4. The method of generating as claimed in claim 1 wherein said adding said linguistic tag to said sequence of subwords and inputting into an encoder to generate an input sequence of words encoding comprises:

generating an input word vector matrix based on the input word sequence;

adding the language labels to the input word sequence and the input word vector matrix;

inputting the input word sequence with language labels and the input word vector matrix into an encoder to generate the input word sequence code.

5. The method of generating in claim 1, wherein inputting said input word sequence code into a decoder to generate a digest word sequence code comprises:

inputting the input word sequence code into the decoder in an initial state;

the decoder generates the abstract word sequence code according to the input word sequence code based on an attention mechanism.

6. The method of generating as claimed in claim 5 wherein said decoder generates said sequence of digest words from said sequence of input words based on an attention mechanism comprising:

and the output hidden state of the decoder at the t moment is determined by the input of the decoder at the t moment, the hidden state of the encoder and the decoding representation of the nth layer of the tth word sequence.

7. The method of generating as claimed in claim 1 wherein generating source language digest documents and target language digest documents based on said digest word sequence encoding comprises:

inputting the abstract word sequence code into a logistic regression layer of the decoder to perform linear transformation;

and generating the source language abstract document and the target language abstract document based on the result of the linear transformation.

8. The method of generating as claimed in claim 7, wherein inputting said sequence of digest words encoded into a logistic regression layer of said decoder for linear transformation comprises:

inputting the abstract word sequence code into the decoder to obtain a hidden layer state;

and inputting the hidden layer state into a logistic regression layer of the decoder to perform linear transformation and output probability distribution in all word lists at t moment.

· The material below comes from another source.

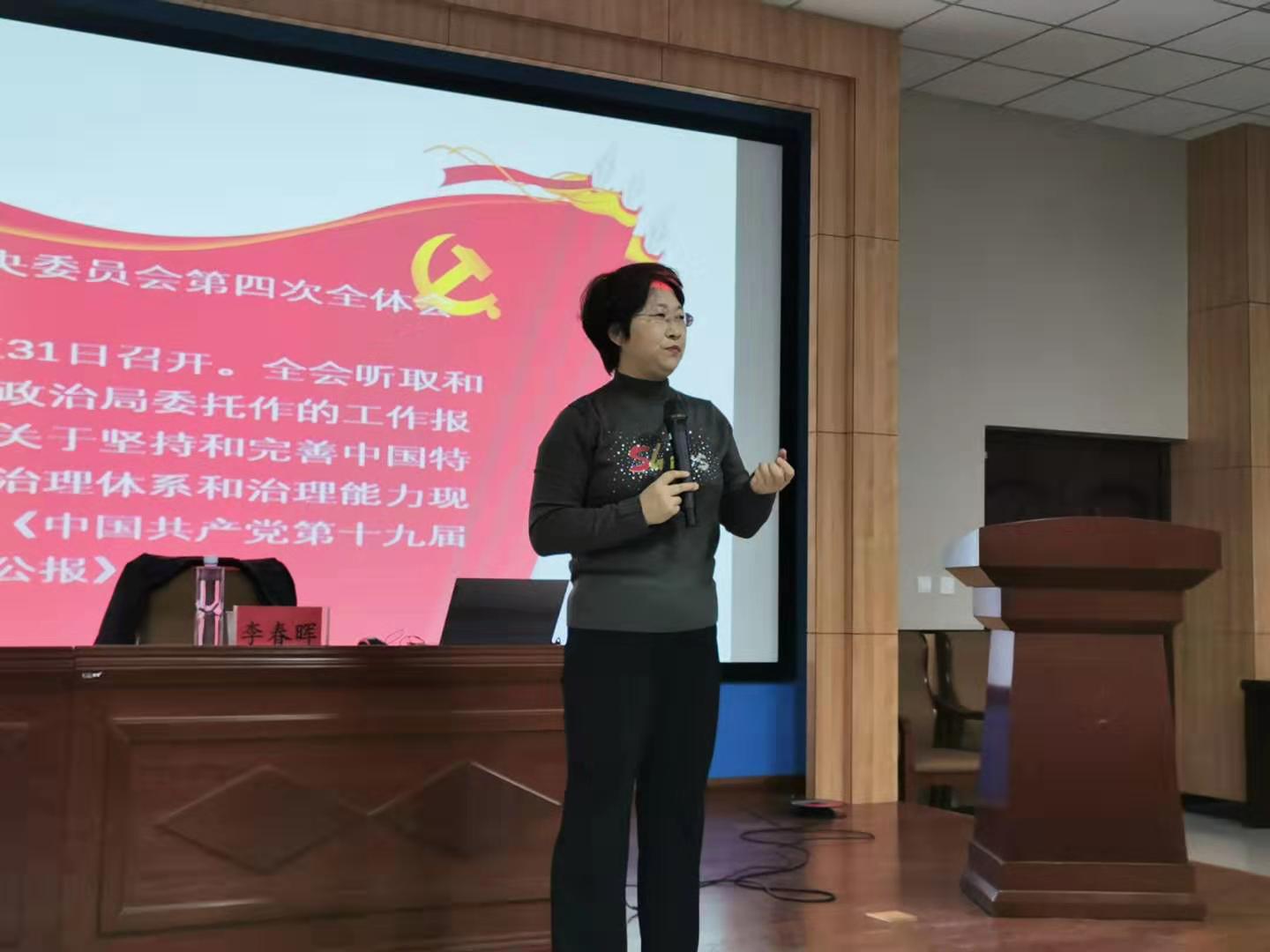 2019年11月14日,学院党委邀请马克思主义学院院长李春晖教授为我院师生党员作《聚焦党的十九届四中全会》主题党课,学院近160多位师生党员、积极分子参加本次党课,党课由学院党委副书记胡日查主持。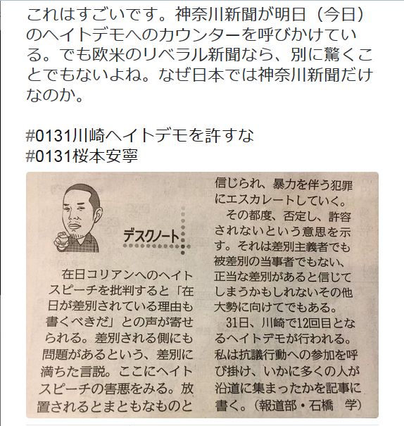 川崎のヘイト(差別)デモ反対行動への参加を神奈川新聞が呼びかけ⇒地元の人が立ち上がり大カウンターで差別主義者を撃退!

9. The method of generating as in claim 7 wherein generating the source language digest document and the target language digest document based on results of a linear transformation comprises:

taking the vocabulary corresponding to the maximum probability as the vocabulary at the time t;

and generating the source language abstract document and the target language abstract document based on the vocabularies at all the time.

10. An apparatus for generating a cross-language abstract, comprising:

the label module is used for determining language labels of a source language and a target language;

the sequence module is used for generating a sub-word sequence based on the source language document;

the coding module is used for adding the language labels to the sub-word sequences and inputting the language labels into a coder to generate input word sequence codes;

the decoding module is used for inputting the input word sequence codes into a decoder to generate abstract word sequence codes;

and the document module is used for generating a source language abstract document and a target language abstract document based on the abstract word sequence codes.

11. An electronic device, comprising:

one or more processors;

storage means for storing one or more programs;

when executed by the one or more processors, cause the one or more processors to implement the method of any one of claims 1-9.

12. A computer-readable medium, on which a computer program is stored, which, when being executed by a processor, carries out the method according to any one of claims 1-9.